#### Activity:
Transcribe each entry in full, and leave the images out.

#### Extracted records:

-----

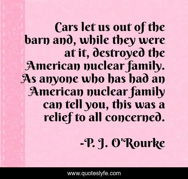This page presents the quote "Cars let us out of the barn and, while they were at it, destroyed the American nuclear family. As anyone who has had an American nuclear family can tell you, this was a relief to all concerned.". Author of this quote is P. J. O'Rourke. This quote is about american, family,.
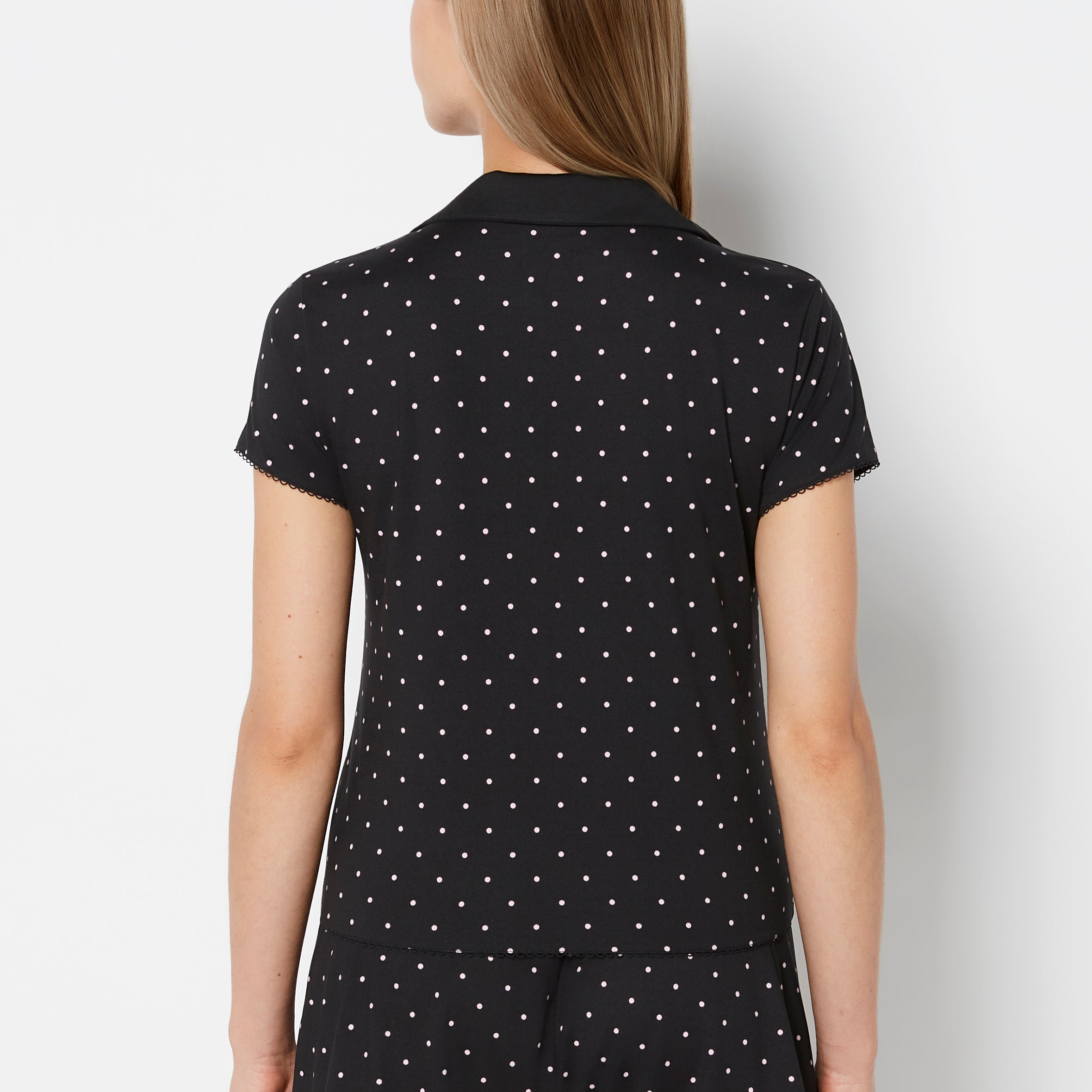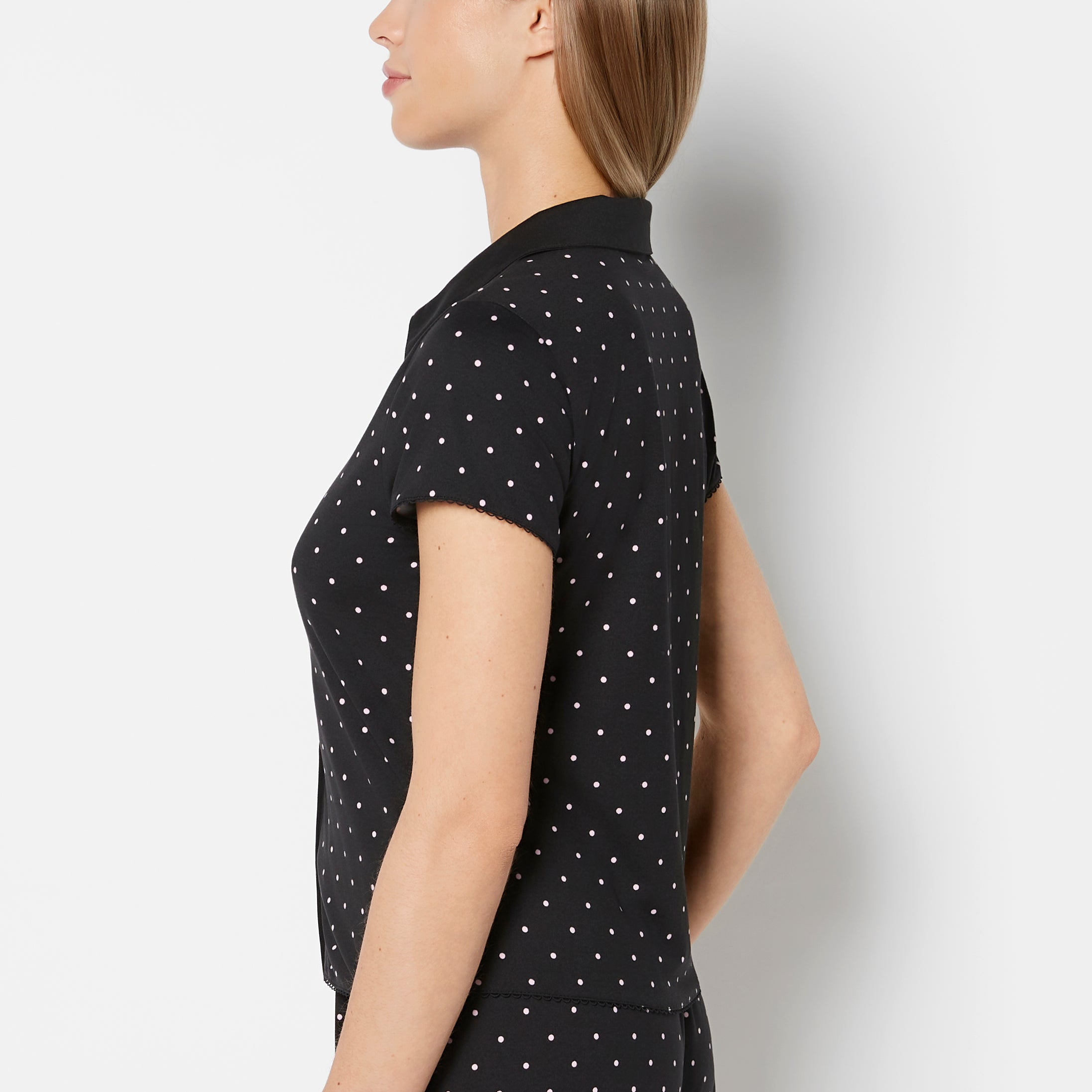 Casual Sleep Jersey Button Up Short Sleeve Top with Picot Trim in Tiny Dot
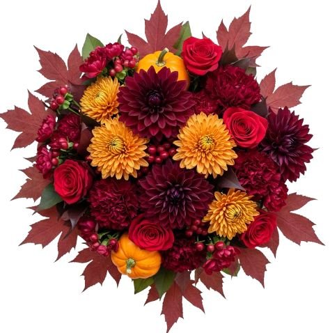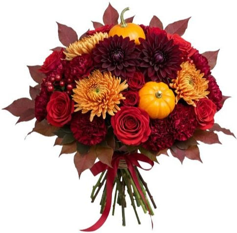 Designed to capture the essence of the autumn season, this stunning arrangement combines rich burgundy and warm orange tones, making it a perfect choice for any fall occasion.Whether you're decorating for Halloween, hosting a Thanksgiving gathering, or simply wanting to bring the beauty of autumn into your home, this bouquet is the ideal centerpiece. Its bold colors and seasonal charm make it a standout decoration for any room.
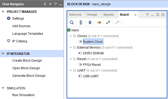 In the “Flow Navigator” panel, select the “Create Block Design” under the IP integrator section. Give an appropriate name to the design and click “OK” (the author used “narvi_design” as the design name). Select “Boards” in the “Block Design” block. The default peripherals available for the Narvi Board will be displayed.
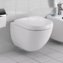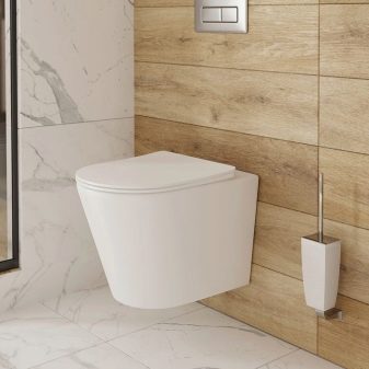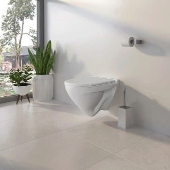 - Липса на крак. Висящата купа прави почистването на тоалетната по -лесно и по -удобно, защото вече не се налага да усуквате, за да почистите пространството зад тоалетната. В случай на ново изобретение е необходимо само да избършете пода под купата – благодарение на конструктивните характеристики, това е доста лесно да се направи..

-----

#### Answer:
This page presents the quote "Cars let us out of the barn and, while they were at it, destroyed the American nuclear family. As anyone who has had an American nuclear family can tell you, this was a relief to all concerned.". Author of this quote is P. J. O'Rourke. This quote is about american, family,.
 Casual Sleep Jersey Button Up Short Sleeve Top with Picot Trim in Tiny Dot
 Designed to capture the essence of the autumn season, this stunning arrangement combines rich burgundy and warm orange tones, making it a perfect choice for any fall occasion.Whether you're decorating for Halloween, hosting a Thanksgiving gathering, or simply wanting to bring the beauty of autumn into your home, this bouquet is the ideal centerpiece. Its bold colors and seasonal charm make it a standout decoration for any room.
 In the “Flow Navigator” panel, select the “Create Block Design” under the IP integrator section. Give an appropriate name to the design and click “OK” (the author used “narvi_design” as the design name). Select “Boards” in the “Block Design” block. The default peripherals available for the Narvi Board will be displayed.
 - Липса на крак. Висящата купа прави почистването на тоалетната по -лесно и по -удобно, защото вече не се налага да усуквате, за да почистите пространството зад тоалетната. В случай на ново изобретение е необходимо само да избършете пода под купата – благодарение на конструктивните характеристики, това е доста лесно да се направи..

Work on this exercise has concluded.